When a jumper is placed over two or more jumper pins, an electrical connection is made between them, and the equipment is thus instructed to activate certain settings accordingly. For example, with older PC systems, CPU speed and voltage settings were often made by setting jumpers.

Some documentation may refer to setting the jumpers to on, off, closed, or open. When a jumper is on or covering at least two pins it is a closed jumper; when a jumper is off, is covering only one pin, or the pins have no jumper it is an open jumper.

Jumperless designs have the advantage that they are usually fast and easy to set up, often require little technical knowledge, and can be adjusted without having physical access to the circuit board. With PCs, the most common use of jumpers is in setting the operating mode for ATA drives (master, slave, or cable select), though this use declined with the rise of SATA drives and Plug and Play devices. Jumpers have been used since the beginning of printed circuit boards.
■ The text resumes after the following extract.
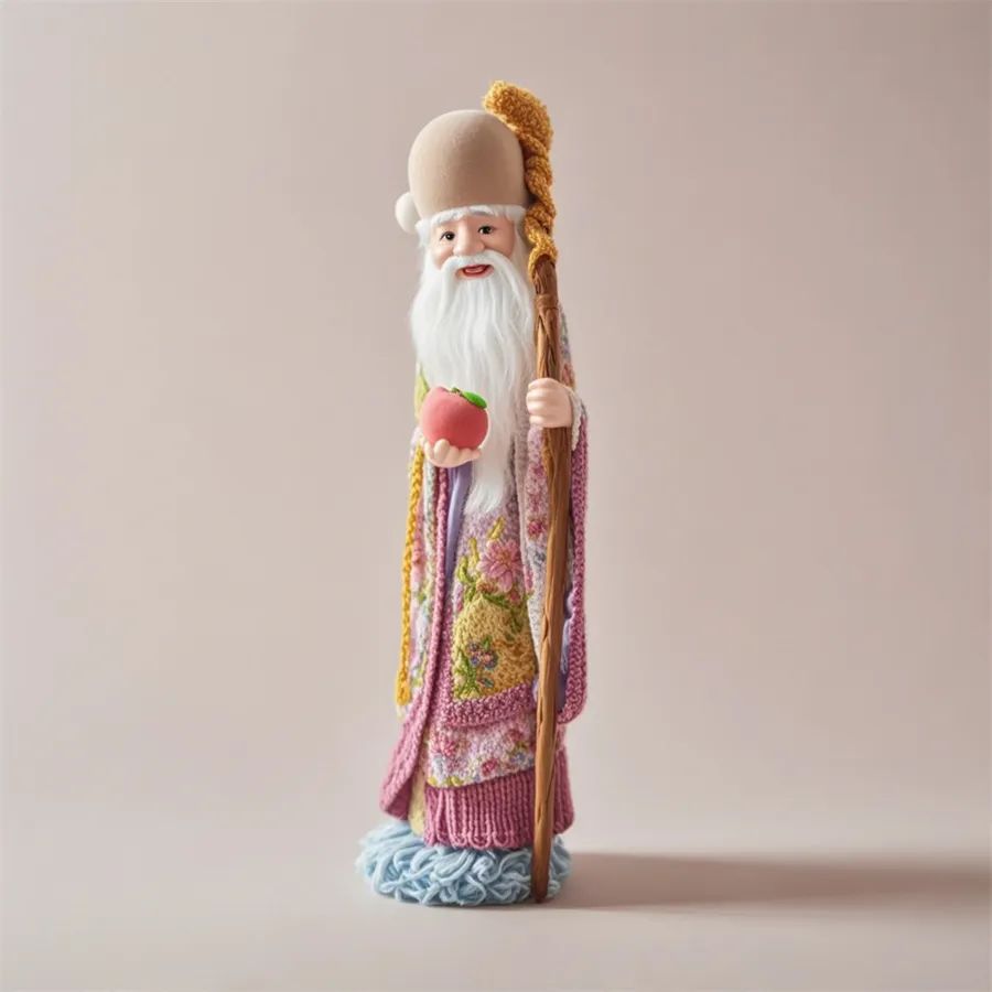 象牙。所刻寿星慈眉善目,身着儒服。胸前飘着两条长须,腰系宝葫芦,左手拿着龙头拐杖,左手拿着寿桃。

== Permanent parts of a circuit ==
Some printed wiring assemblies, particularly those using single-layer circuit boards, include short lengths of wire soldered between pairs of points. These wires are called wire bridges or jumpers, but unlike jumpers used for configuration settings, they are intended to permanently connect the points in question. They are used to solve layout issues of the printed wiring, providing connections that would otherwise require awkward (or in some cases, impossible) routing of the conductive traces. In some cases a resistor of 0 ohms is used instead of a wire, as these may be installed by the same robotic assembly machines that install real resistors and other components.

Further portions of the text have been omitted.